Online Partner

Appendix

Instructions for handling personal data

2019-06-18

In addition to what is already stated in this agreement, the Personal Data Assistant must also follow the instructions below:

Personal data processing

Purpose The system itself is for a secure test situation, to perform tests digitally but make cheating impossible by surfing the web and the like.
Categories of personal data The following categories may appear in the processing of personal data.

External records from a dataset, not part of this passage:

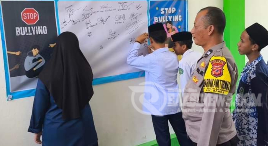 ReaksiNews.com || Polsek Baros melalui Bhabinkamtibmas Sudajayahilir hadir dalam kegiatan MPLS dan Deklarasi anti bullying SMP Boarding School As Sakinah.
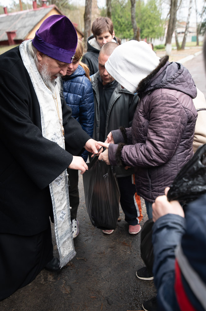 Обращаясь к проживающим, владыка Стефан рассказал о событиях Страстной седмицы и о значении праздника Пасхи Христовой. Архипастырь напомнил, что Воскресение Христово открывает человеку надежду, которая не отнимается ни болезнью, ни старостью, ни жизненными испытаниями. В знак любви и молитвенной поддержки владыка передал пасхальные дары — куличи, освящённые яйца, мёд и фрукты.
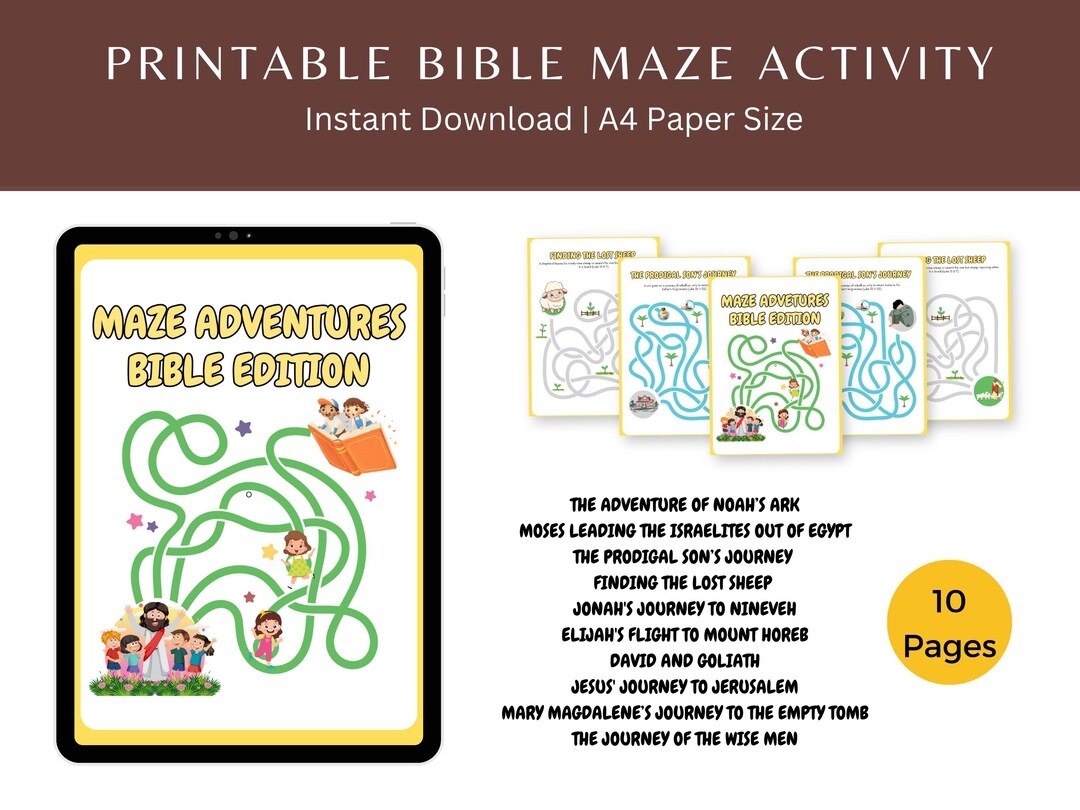 Printable Bible Maze Activity Maze Adventure Bible Edition 10 Unique Bible Maze Printables For Fun Learning Creative Printables For Kids Etsy
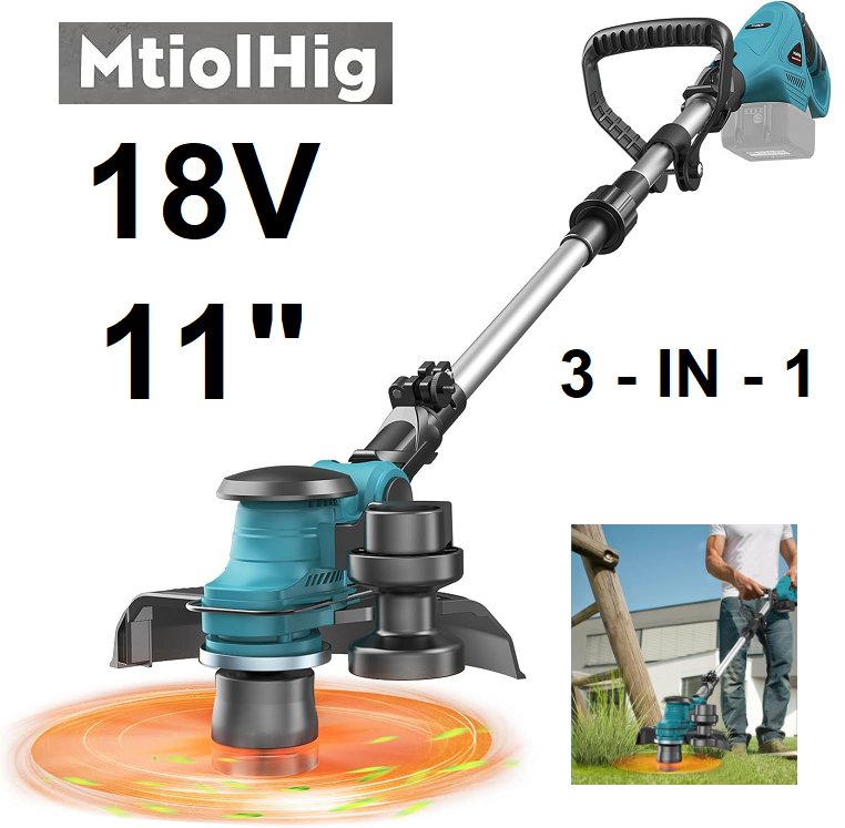 mtiolhig 3 in 1 cordless string trimmer - compatible with makita battery - 18v - 11" - blue/black

  1. Personal data attributable to the Personal Data Controller’s staff, mainly contact information;

Name, surname,

Email Address,

Group membership

  1. Personal data attributable to the Personal Data Controller’s students, mainly contact information; and

Name, surname

Email address

Group membership

Categories of registered The categories of registrants include the Personal Data Controller:

  1. Staff;

Employees

  1. Individuals;

Pupils

Special safety requirements The personal data assistant and possibly assistants shall take technical, administrative and organizational measures to ensure a level of safety appropriate to the risk, including;

  1. the ability to continuously ensure the confidentiality, integrity, availability and resilience of the information system and e-services,
  2. the ability to restore availability and access to personal data within a reasonable time in the event of a physical or technical incident; and
  3. a procedure for regularly testing, examining and evaluating the effectiveness of the technical and organizational measures to ensure the safety of treatment.
Logs The Personal Data Assistant and Sub-Assistants shall be responsible for,

  1. the documentation of the access (logs) shows the measures that have been taken with information about a registered person,
  2. the logs indicate at which unit the measures were taken,
  3. the logs indicate the time at which the measures were taken,
  4. the identity of the user and the data subject is stated in the logs,
  5. systematic and recurring random checks of the logs are made, and
  6. checks of the logs are documented.
Transfer of personal data to third countries As part of the Personal Assistant’s performance of the services delivered in accordance with the Service Agreement, deidentified personal data related to support matters and personal data in the form of contact information such as name, telephone number and e-mail address attributable to the Personal Data Officer’s staff may be transferred to the Personal Assistant’s subcontractor.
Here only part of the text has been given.